Parole semplici, chiare, alle quali il giornalista di lungo corso di Avvenire ha replicato così: «Non ho alcun dubbio sul fatto che chi ha visto solo pochi secondi di registrazione, o appena un fotogramma dello spettacolo ‘Grillo vs Grillo’, possa essere stato indotto a genuino sconcerto e, dico io, ad amaro equivoco. Quello, appunto, della parodia blasfema dell’Eucaristia da parte del comico genovese… Ma in ogni evento comunicativo, conviviale o di massa, eliminare il contesto (che, sia chiaro, può essere un’aggravante) è sempre azzardato ed espone a inevitabili errori di valutazione (e questo vale persino in Italia dove il ‘contesto’ a causa di un’altra storia a sfondo politico, in quel caso protagonista Silvio Berlusconi, è diventato addirittura una parolaccia ‘a prescindere’).

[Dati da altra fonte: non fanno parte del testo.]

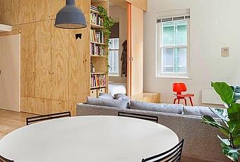 Se trata de una vivienda para un matrimonio joven con un hijo, en el que la madera es la gran protagonista junto con los colores pasteles y la selección de mobiliario.Un espacio abierto, que con el revestimiento de madera utilizado en toda la vivienda crea un cubículo que permite cerrar el dormitorio en los momentos necesarios
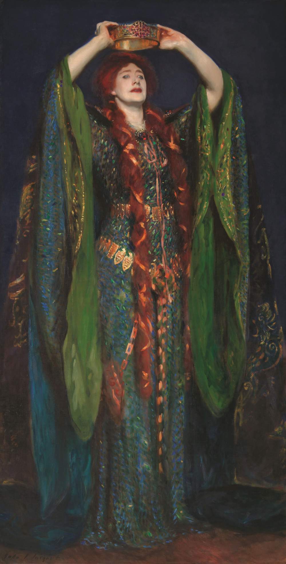 Forte di una serie di prestiti eccezionali, tra i quali «Madame X (Madame Pierre Gautreau)» (1883-84), proveniente dal Metropolitan di New York, la rassegna abbina diversi ritratti con gli abiti reali raffigurati nei dipinti, svelando come Sargent manipolasse l’abbigliamento per raggiungere gli obiettivi desiderati. Tra i 73 dipinti e oggetti in mostra è incluso il ritratto del 1889 di Ellen Terry nei panni di Lady Macbeth, esposto accanto all’abito verde muschio, ricamato con vere ali di scarabeo iridescenti, che l’attrice indossò in una celebre produzione londinese di Macbeth. Nel dipinto, Sargent mostra la Terry mentre si incorona, con il suo fluente abbigliamento gotico che da solo sembra un’intera scenografia anziché un semplice costume.

Trovo interessante, e preoccupante, che dei commenti finora giunti in redazione, per posta o sulla pagina Facebook di ‘Avvenire’, ben pochi siano di chi ha visto lo spettacolo. E mi colpisce che tra chi non ha visto di nuovo quasi nessuno si fida di chi invece c’era e ha potuto valutare. Lo racconto di nuovo. Grillo clown discute e litiga con il Grillo politico, presente in ologramma, ossia finto, ossia un fantasma da esorcizzare. Alla fine, esasperato, sbotta: io leader? Io guru? Io una sorta di Gesù Cristo? Ma per piacere…. Però, se proprio insistete, ecco qua, venite a mangiare il grillo caramellato. Subito dopo invita il pubblico a mandarlo sonoramente a quel Paese. Ora, blasfemo è chi offende Dio, Cristo, la Madonna, i sacramenti con il preciso intento di offenderli, in odio verso di loro. Per ferire. Vi sembra questo il caso? Si può e si deve discutere se sia di buono o cattivo gusto. Se l’allusione a qualcosa di molto caro ai credenti sia opportuna o inopportuna. Un clown non ha mezze misure, ‘deve’ disturbare. Ma la blasfemia non c’è proprio, il contesto (che, ripeto, spesso può essere un’aggravante) garantisce che non c’è alcun odio, nessuna intenzione di irridere. Palese è invece l’intenzione di chi apre il ‘caso’ dopo più di due mesi di tournée. Palese è la strumentalizzazione politica che strumentalizza la sensibilità dei cattolici. Di questo, che era il cuore e la conclusione del mio commento, bisognerebbe parlare».
Matteo Orlando
Sono in totale accordo con il Vescovo di Oristano, anch’io come lui, non solo rattristato ma sdegnato, tanto per il gesto di Grillo quanto per la spiegazione a dir poco maldestra del giornalista. Non c’è nessun “contesto” né alcun “ritardo cronologico” né alcuna “mancata visione del programma” che possa giustificare la derisione dell’Eucaristia o attenuarla. Che l’offensore lo creda o no e che ne abbia l’intenzione o meno, il cristiano percepisce la derisione dell’Eucaristia come continuazione della derisione di Cristo inchiodato sulla Croce come avvenne quel giorno ai suoi piedi! Provo la medesima amara delusione che ho provato nel trovare sul giornale le vignette satiriche di un certo “umorista” e, alla sua dimissione (ritenuta opportuna per non perdere lettori?) il rimpianto amichevole, quasi nostalgico, del Direttore. Colgo l’occasione per dire che da tempo, personalmente, trovo che Avvenire pratichi una “informazione” e un “dialogo” (talvolta accomodanti) che dedicano ampio spazio alle opinioni della modernità e poco o nullo alle opinioni e alle ragioni dei Vescovi che pensano diversamente dalla CEI, mancando così di obiettività ecclesiale e preferendo farsi risonanza delle iniziative sociali e politiche. Ovvio, apprezzo molti altri aspetti del giornale ma gli avrei mancato di rispetto e sincerità se avessi taciuto questi suoi gravi limiti. Con amicizia.